Let me echo one of @PaulRayius's points made at the PDF Reuse TWG meeting today, because I agree with it: it's a fact of life that some authors include tables in paragraphs, or even mid-sentence. We're not just talking about floating tables (that's an entirely different discussion), but about cases where the position of the table within the paragraph actually matters.

We can argue all day long about whether that's good editorial practice, but it's something that authors do. That being the case, we should allow it to be encoded as such in the structure tree (esp. from a remediation point of view, where rewriting the text may not be an option).

In addition to that, I also don't believe that the nonlinearity of tables is a good argument against allowing tables inside Ps. Formulas can occur inside paragraphs, and those are often nonlinear as well. Here's a somewhat involved example from my own work: https://i.imgur.com/rAtsZbf.png. Not saying that such use cases are relevant to a significant portion of our user base, but they're by no means rare. You'll find many more extreme examples in any homological algebra textbook ;)

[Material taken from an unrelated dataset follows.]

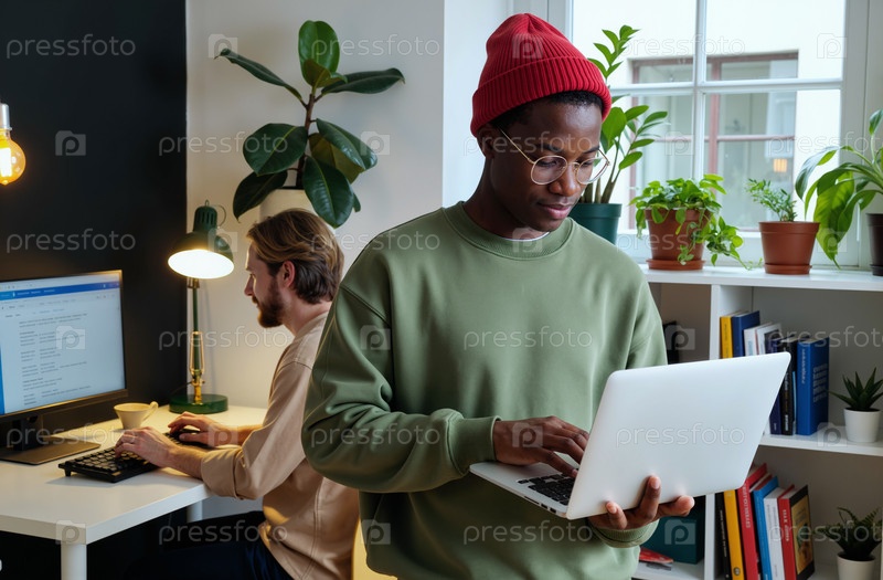 Молодой чернокожий человек использует ноутбук, в то время как мужчина работает за столом в офисе

faceless2 commented 3 years ago

+1 from me too. Here's another example, clearly mid-sentence:

image

Matthew's correct that you can't place a <table> inside a <p> in HTML, but it's worth noting that this decision was made some 30 years ago. It predates the display: inline-table which has been around for at least 20 years, and the (fairly common) use of a float property on a table to move it to one side of a paragraph. I'm not sure that decision would be made the same way today.

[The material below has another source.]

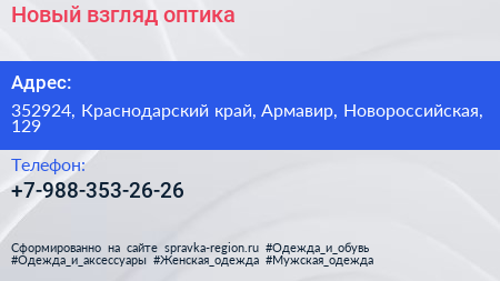 Новый взгляд, оптика по адресу 352924, Краснодарский край, Армавир, Новороссийская, 129 в дальнейшем Организация, размещена в следующих категориях:

It's a classic trap for young players in HTML, and anyone looking for advice is told to use a <div> instead of a <p>, which is what everyone does. Semantically it's a worse choice, and it's also not an option available to us in PDF, because <div> is not a general block container, it has special meaning. I don't think we should repeat this mistake if we can avoid it.

DuffJohnson commented 3 years ago

OK, I concede!

In the end I can't come up with much better than non-linearity to explain why I feel table differs from list, figure and formula, in this context, nor do I find comfort in the rather spare definitions of the respective structure element types. The examples have been instructive; thank you.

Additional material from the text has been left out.